The Real Reason People Are Unproductive Isn't What You Think
We are always looking for new ways to be productive. But why is it that we aren't productive in the first place?
People tend to chalk it up to the following:
- Distracting environment
- Not enough sleep (or not enough coffee)
- Too many "priorities"
- Poor time management
- Etc.
The truth of it is, "productivity" is just a fancy way of talking about discipline. You're productive when you are disciplined, when you remove distractions and get done what needs to get done.
And what I've noticed is that there is a trend in people who are "unproductive," one that hides beneath the surface of more easily recognizable patterns.
The reason you aren't productive is this:
You are afraid.
When you are given an assignment, or you start a project that stretches slightly outside your comfort zone, you end up finding every excuse not to work on it. Why? Because you aren't confident in your skills to execute, and so you choose easier tasks that provide you with a more immediate sense of accomplishment.
What ends up happening is you spend all day working on the little things on your to-do list, just so you can check them off and feel "productive." But by doing so, you end up avoiding the one task that will actually move you to where you want to go--whether that be within a specific project, or even your career or life. The difficult tasks are the ones that stretch you, that make you feel uncomfortable. They are the ones that force you to grow. The people who embrace this, move quickly. Those who don't, run forever in place.

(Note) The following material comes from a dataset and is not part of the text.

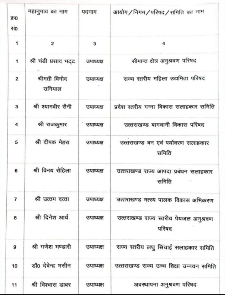 देहरादून: आज देर रात मुख्यमंत्री पुष्कर सिंह धामी ने दूसरे चरण में भाजपा नेताओं को दायित्व सौंप दिए हैं शासन से जारी जारी सूची के अनुसार….चंडी प्रसाद भट्ट उपाध्यक्ष सीमान्त क्षेत्र अनुश्रवण परिषद,विनोद उनियाल उपाध्यक्ष राज्य स्तरीय महिला उद्यमिता परिषद,श्यामवीर सैनी उपाध्यक्ष प्रदेश स्तरीय गन्ना विकास सलाहकार समिति, राजकुमार उपाध्यक्ष उत्तराखण्ड बागवानी विकास परिषद,दीपक मेहरा उपाध्यक्ष उत्तराखण्ड वन एवं पर्यावरण सलाहकार समिति,विनय रोहिला उपाध्यक्ष उत्तराखण्ड राज्य आपदा प्रबंधन सलाहकार समिति,उत्तम दत्ता उपाध्यक्ष उत्तराखण्ड मत्स्य पालक विकास अभिकरण,दिनेश आर्य उपाध्यक्ष उत्तराखण्ड राज्य स्तरीय पेयजल अनुश्रवण परिषद,गणेश भण्डारी उपाध्यक्ष राज्य स्तरीय लघु सिंचाई सलाहकार समिति , डॉ० देवेन्द्र भसीन उपाध्यक्ष उत्तराखण्ड राज्य उच्च शिक्षा उन्नयन समिति और विश्वास डाबर उपाध्यक्ष अवस्थापना अनुश्रवण परिषद के दायित्व सौंपे गए हैं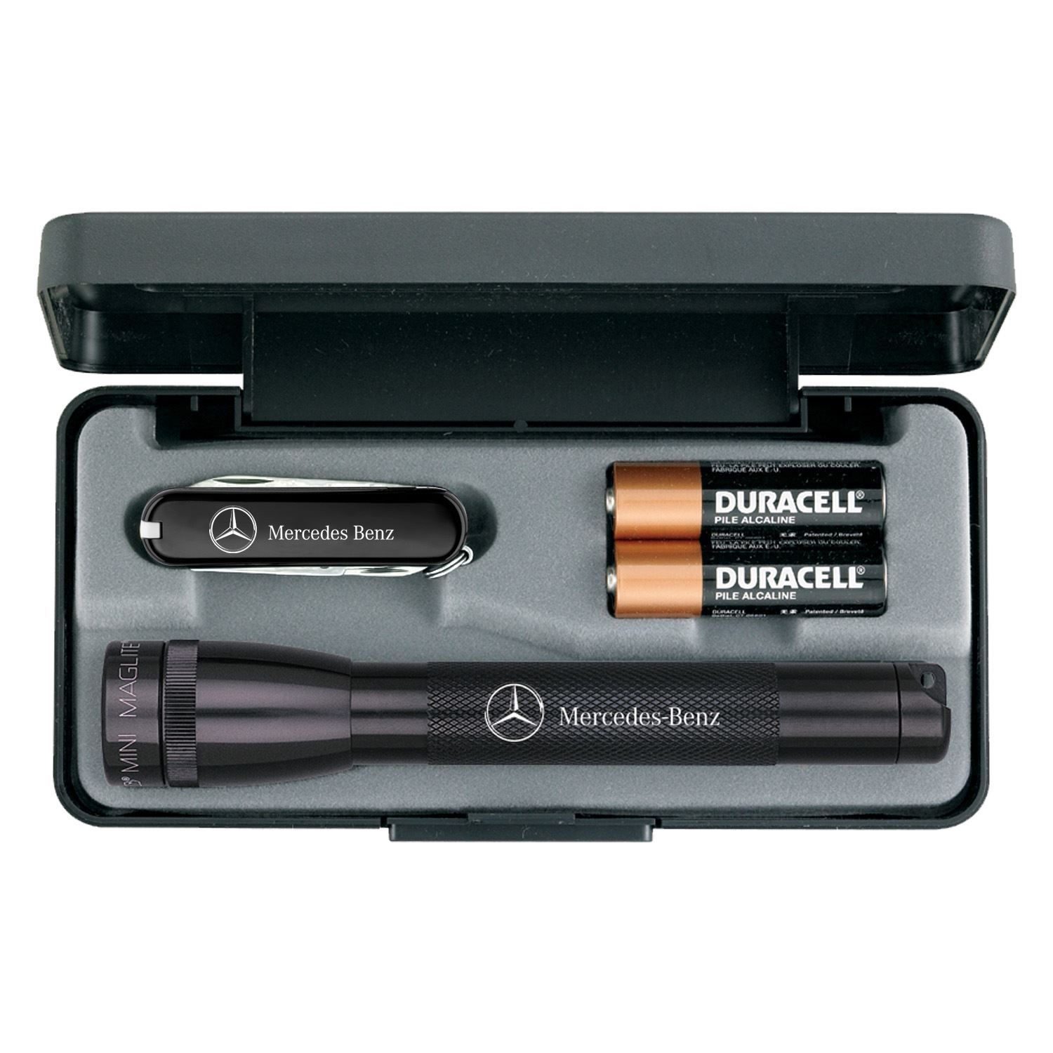 Two great brand names packaged together in a sleek presentation box. The 5.75″ M2A Mini Maglite comes with 2 “AA” batteries, shines brighter than flashlights of equal battery resources, and is available in black, blue, red, or gray. Victorinox’s most popular pocket knife the Classic has a 2 1/4″ Handle, is available in a multitude of colors and features a blade, scissors, nail file with screwdriver tip, key ring, tweezers, and toothpick. Laser engraved on Mini-Maglite. Pad print or full color print on knife. . Complies with Prop 65. 2 1/4″ L

If you look around any workplace, the reason why people avoid certain tasks doesn't have anything to do with "the environment" or "not drinking enough coffee." It comes down to the fact that they don't know how to do what is being asked of them, andinstead of risking being wrong, they avoid it all together.
That's the real reason people are unproductive. They don't want to fail.
How do you combat this?
The way I have learned to overcome this bad habit is through handwriting my to-do list every single morning. First, I look at yesterday's list, and anything I didn't complete, I write down for today. Once I've done that, I add whatever other tasks were just put on my plate, and then once I have everything in front of me, I look for what is most important based on where I want to go and what I want to accomplish, and I circle it--and I tackle that first.
What I've noticed through doing this is that certain tasks will somehow appear on my to-do list over and over. By handwriting it, I start to take notice when I'm writing and rewriting the same task. That's when I have to ask myself, "Why am I avoiding this? Because it's hard? Because it's boring? Or because I am afraid to do it?"
Case in point, three years ago, when I first started working at Idea Booth as an entry level copywriter, any time I was tasked with calling someone on the phone, I avoided it. I was very shy and far from confident in my abilities to speak coherently over the phone to someone of stature. Day after day I'd rewrite the simplest of tasks on my to-do list, eventually realizing the only reason I wasn't doing this thing that would take me less than five minutes was because I was afraid. It's not that I didn't know what needed to be done--I knew exactly what needed to be done. I just didn't feel comfortable doing it, and so I avoided it all together.
This is the root of not being productive--fear. This goes for art, business, school, and effective communication of all kinds. We tend to avoid that which scares us.
Forget the "productivity matrices" or the "productivity hacks." If you can't pinpoint and get over the things that scare you, all you'll end up doing is crossing off a bunch of easy tasks on your to-do list that don't actually get you to where you want to go.
If you truly want to move the needle, if you actually want to be productive, you have to be willing to do what scares you.